OFFSHORE
Ghosts In the machine / modes of story telling and immersive experience
In 2012, we presented the first conceptual mapping of our interactive documentary OFFSHORE at the I-Docs conference. Two years later, the project is live and the first chapter has been launched. A collaboration between Brenda Longfellow, Glen Richards and Helios Design Labs, OFFSHORE explores the dark waters of the global offshore oil industry in the wake of the 2010 Deepwater Horizon explosion. Using game aesthetics, html and play theory, OFFSHORE mixes distinct forms of storytelling to create an interactive narrative environment that operates both as labyrinthine puzzle and investigative documentary. This presentation will take viewers through a short exploration of the key design elements of the project while reflecting on the project’s methodologies and creative evolution.
Our critical reflection will focus on three key areas:
Virtual versus material worlds.
In the first instance, this distinction was veryparticular to the political motivation of this project to highlight the ubiquity of an offshore oil industry that remains by and large invisible until disaster brings it into glaring focus. How to make the invisible visible when we were never going to be granted access to an actual oil platform?
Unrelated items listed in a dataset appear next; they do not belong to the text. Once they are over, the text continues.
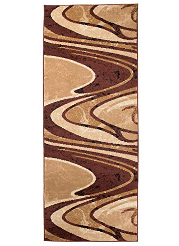 TAPISO Dream Tapis de Passage Tapis Couloir Long Entrée Salon Chambre Descente de Lit Bureau Ado Design Moderne Marron Beige Motif Vagues Ondes Poil Court Fin Doux Lisse Résistant 120 x 200 cm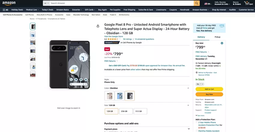 - Google Pixel 8 Pro, 128 GB - $999.00.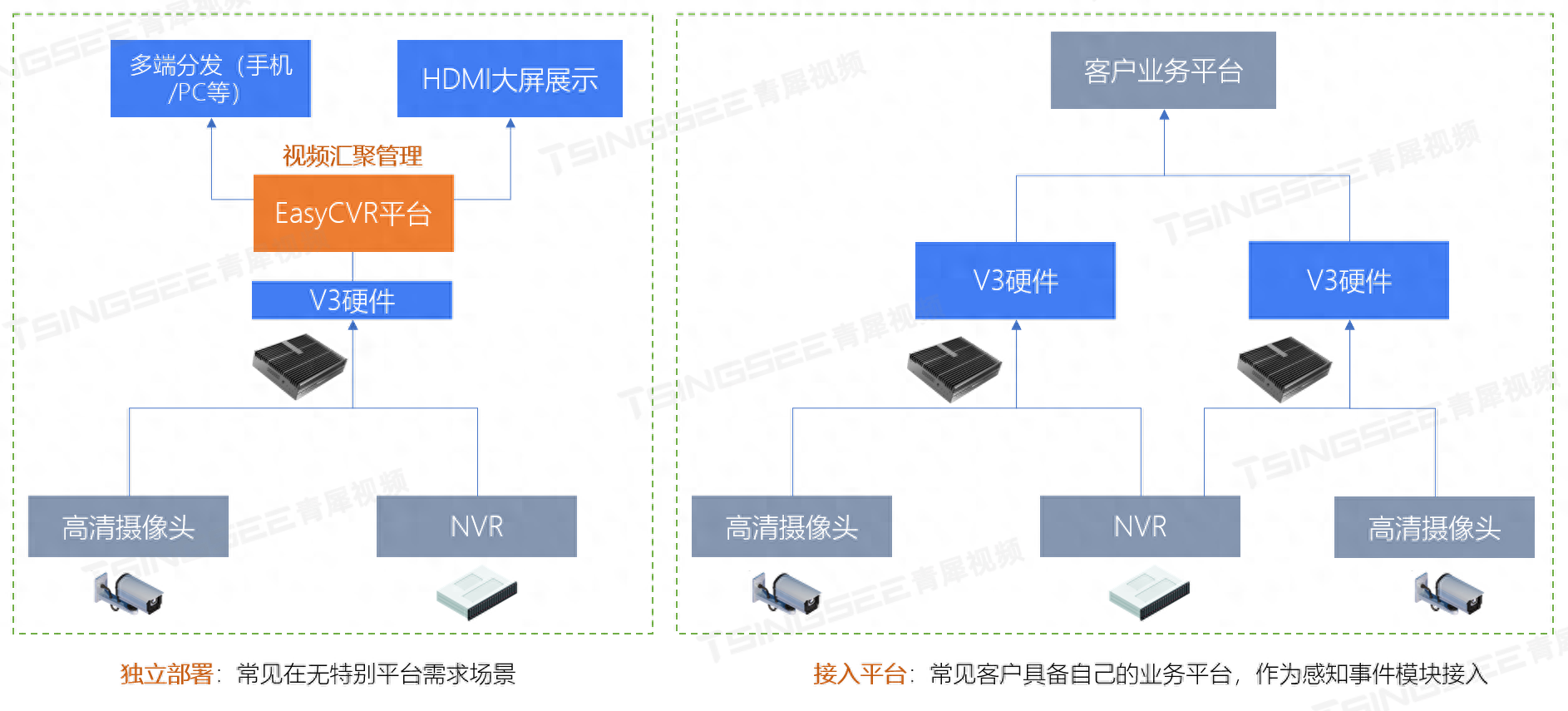 AI智能分析网关V3包含有20多种算法,包括人脸、人体、车辆、车牌、行为分析、烟火、入侵、聚集、安全帽、反光衣等等,可应用在安全生产、通用园区、智慧食安、智慧城管、智慧煤矿等场景中。将网关硬件结合我们的安防监控系统EasyCVR一起使用,可以实现多现场的前端摄像头等设备统一集中接入与视频汇聚管理,并能进行视频高清监控、录像、存储、检索与回放、AI智能分析、级联共享等视频能力与智能化服务。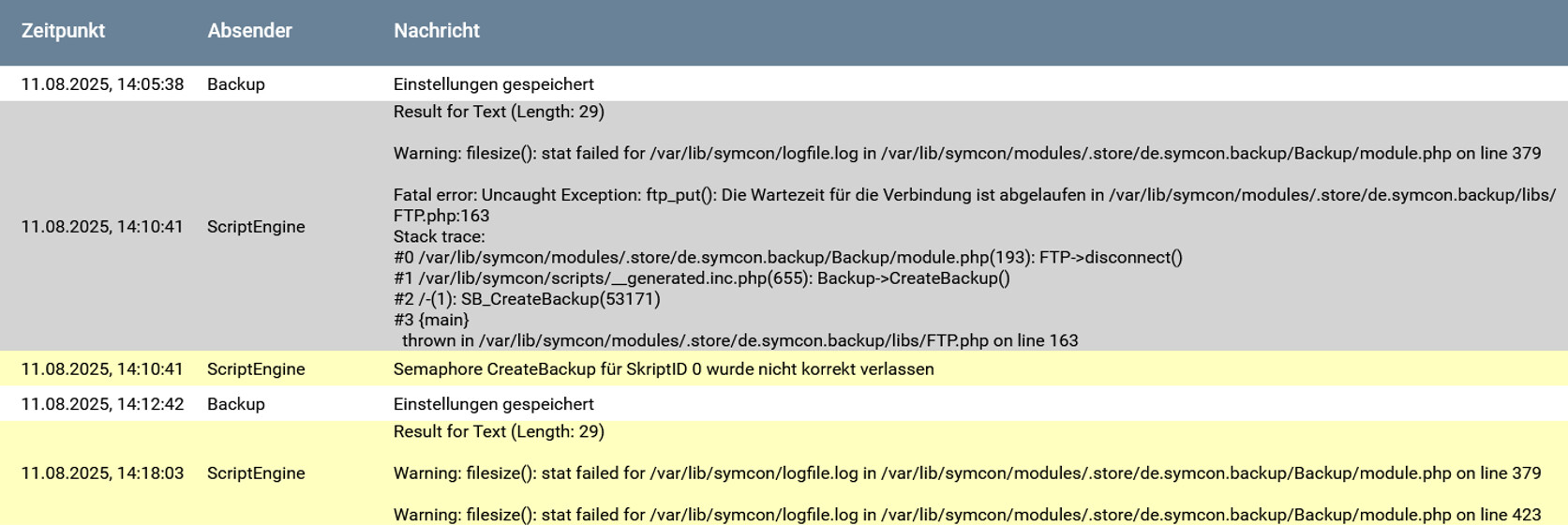 Edit: Das Backup heute morgen um 3:00 ist ohne Fehlermeldung und anscheinend korrekt durchgelaufen.

Our solution was to use design elements, a rich soundscape and dramatic visual interface to create an immersive and haptic virtual experience of an imaginary oil rig, not simply as a container for documentary elements, but as a distinct storyworld in itself whose dark atmosphere, nightmarish qualities and labyrinthine structure elicit particular emotional effects.
Ghosts in the Machine.
OFFSHORE has over 70 minutes of documentary elements curated into stories of real people and places impacted by the global offshore oil industry. These are our “ghosts in the machine. The dissonance between the virtual world of the rig and the ‘material’ worlds of people is continuously emphasized as the viewer clicks and is catapulted into full screen documentary encounters.
Navigation as a form of non linear investigation.
The labyrinth was always our key spatial metaphor- as metaphor it reflects on the way that we remain trapped in our petro-modernity as much as it implies a complex, non linear and non goal directed movement through space. Navigation is mediated through the use of a gaming aesthetic and first person point of view as a way of attempting an immersive cinematic experience. There is no set journey, each viewer chooses her own path where information and empathetic connection are experienced through the accumulation and encounter with pervasive story elements.